Tuesday, January 18, 2011

We are saved by hope

There's a lot of hate, a lot of anger in this country as I write this. Tuscon's shootings are just the very tip of a very large iceberg. I'm not telling anyone something they don't know.

Isaiah, the prophet from Judah in the Old Testament, lived in such a time. He wrote about that often. But he also wrote about a time, somewhere out there in a warm future that would change the frigid, angry time he lived in, when God would prevail, for Isaiah was smart enough to understand that only God could really change things.

In a famous passage, Reinhold Niebuhr wrote, "Nothing that is worth doing can be achieved in our lifetime; therefore, we must be saved by hope. Nothing we can do, however virtuous, can be accomplished alone; therefore we are saved by love. No virtuous act is quite as virtuous from the standpoint of our friend or foe as it is from our standpoint. Therefore, we must be saved by the final form of love, which is forgiveness."

Isaiah put it this way: "Depend on God and keep at it because in the Lord god you have a sure thing."

I read a story yesterday that helps illustrate what hope is.

Time was running out, and Mark Dickinson wasn't sure whether he'd get to see his dying 2-year-old grandson one last time.

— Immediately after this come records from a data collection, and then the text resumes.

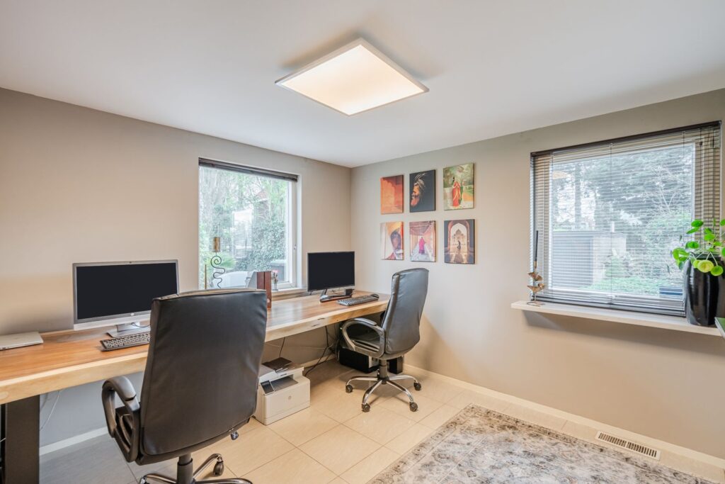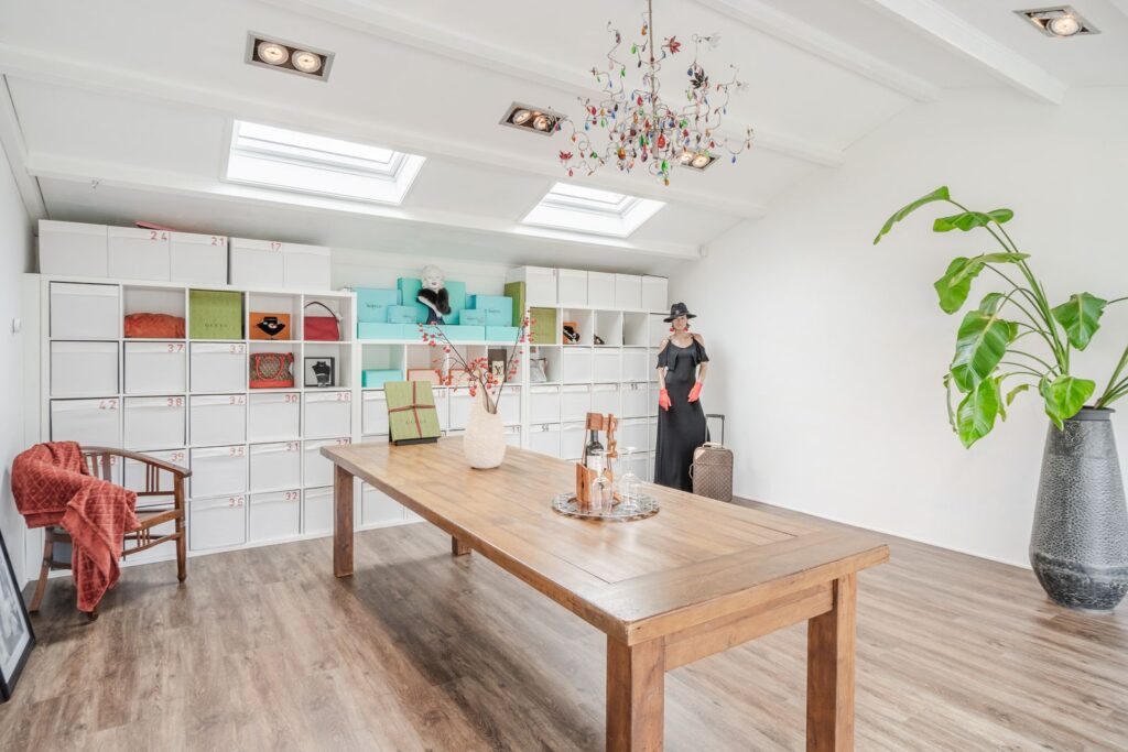 Achter op het perceel bevindt zich een vrijstaand bijgebouw dat uitstekend geschikt is als atelier, kantoor aan huis, gym of praktijkruimte. Geheel geïsoleerd en voorzien van vloerverwarming met eigen badkamer/toilet.
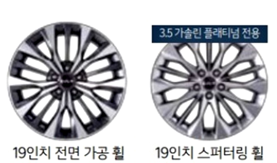 기아 K8의 휠 디자인은 총 4가지 구성으로 되어 있습니다. 17인치 알로이 휠, 19인치 전면가공 휠, 19인치 전면가공 휠, 19인치 스퍼터링 휠로 구성되어 있는데요. 기아 K8의 다이내믹한 이미자와 매칭 되는 디자인으로 존재감 있는 휠 디자인을 가지고 있어 많은 분들께 사랑을 받을 것 같습니다. 개인적으로는 19인치 스퍼터링이 가장 마음에 듭니다.
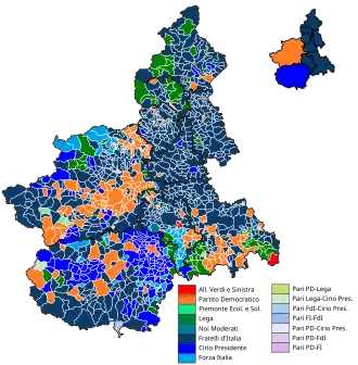 | Por el Piamonte | Liga Piamonte (Lega) | 37,1 | 17 | Alberto Cirio

A long line at Los Angeles International Airport's security checkpoint had kept him from getting to his gate on time. His grandson Caden would be taken off life support in a matter of hours in Denver, Colorado, with or without his grandfather's presence, according to CNN affiliate KABC. "I was kind of panicking because I was running late, and I really thought I wasn't going to make the flight," Dickinson told KABC. That's when a pilot from Southwest Airlines stepped up and held the flight at the gate until Dickinson arrived. The pilot was standing by the jetway waiting for him when Dickinson arrived in socks, so rushed that he just grabbed his shoes at security and ran through the terminal. "I told him, 'Thank you so much. I can't tell you how much I appreciated that.' And he said, 'No problem. They can't leave without me anyway,' " Dickinson told KABC.

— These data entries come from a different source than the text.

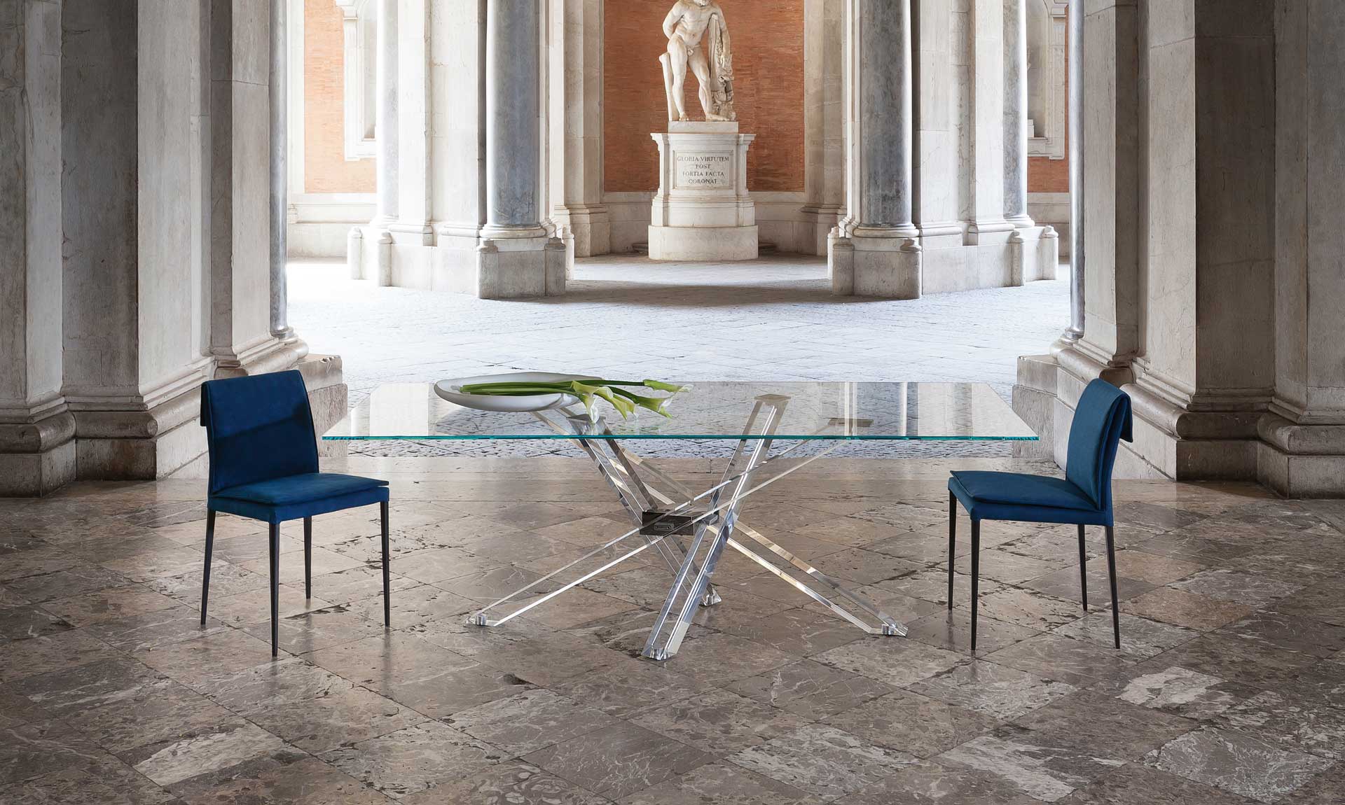 The use of the tubular steel with a small diameter, made it possible to create a light and resistant chair. The sled-shaped base rests on four plastic shock-absorbent supports in a neutral color. The back is joined to the structure thanks to an accurate interlocking system, with invisible fixing points. The rounded lines of the upholstered seat guarantee a high level of comfort and give an added aesthetic value.
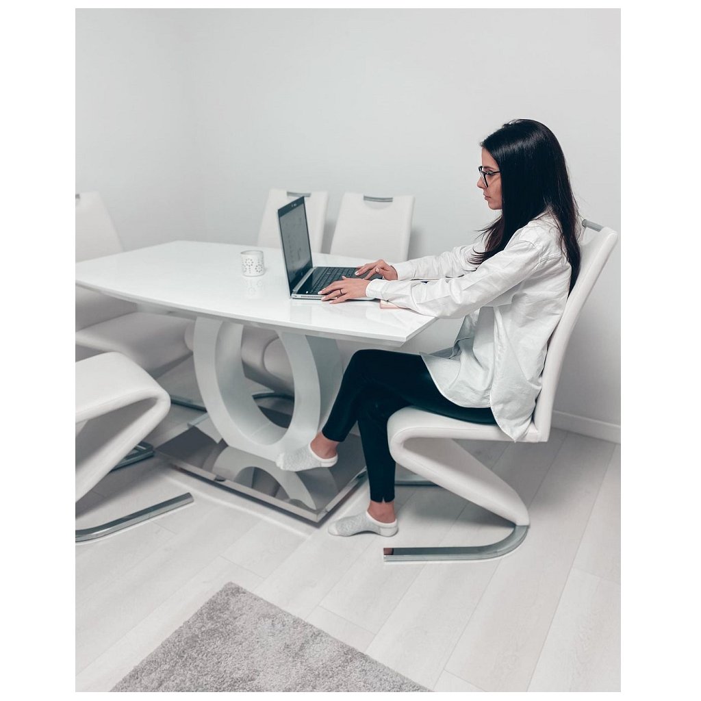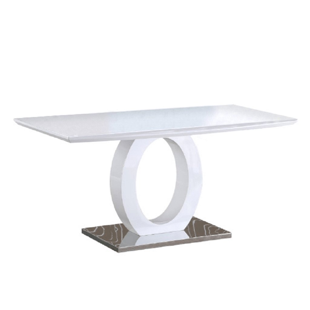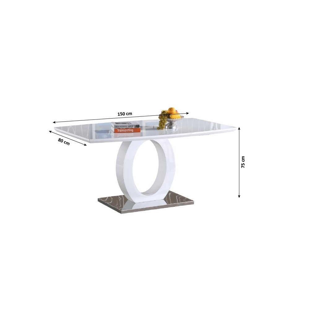Jídelní stůl bílý obdelník vysoký lesk noha ve tvaru elipsy ocelová podnož TK3209
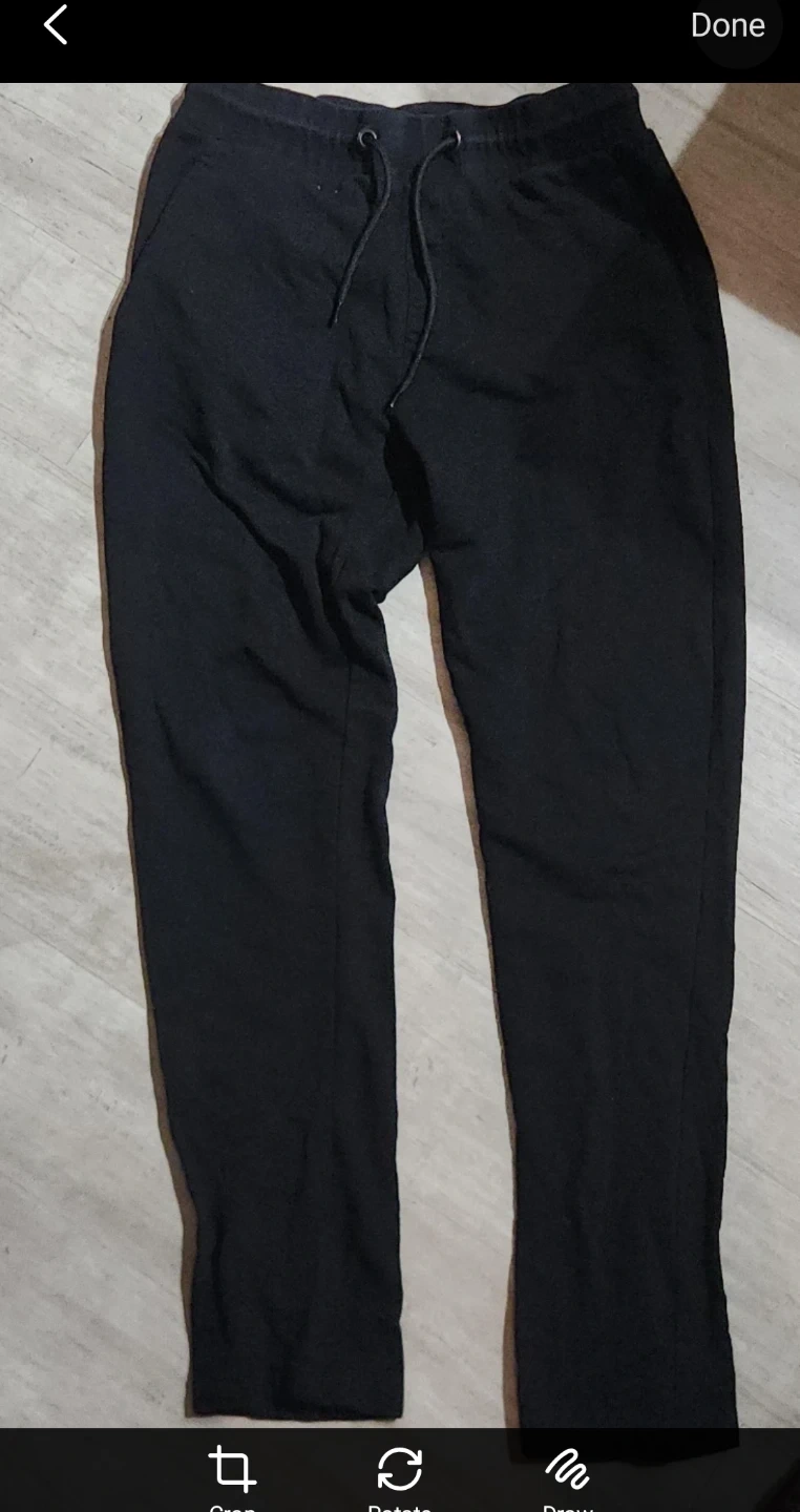 Selling a pair of black sweatpants. They're in great condition and perfect for lounging around the house or running errands, the size of the pants are a large, the pants have side pockets along with a back pocket. Extremely comfortable and warm!!! Perfect for winter:)

It was just one person doing something for another person, but it flew in the face of what has become known as airline rage, that tendency to blow a gasket because of all the delays and adverse conditions at our airports today.

Isaiah said, "The path of right-living people is level. The Leveler evens the road for the right-living. We're in no hurry, God. We're content to linger in the path sign-posted with your decisions. Who you are and what you've done are all we'll ever want."

In a world in such a hurry, a world filled with those who are mad in every sense of the word, it is good to know that God waits for us like that pilot. "No problem," he tells us. "They can't leave without me anyway."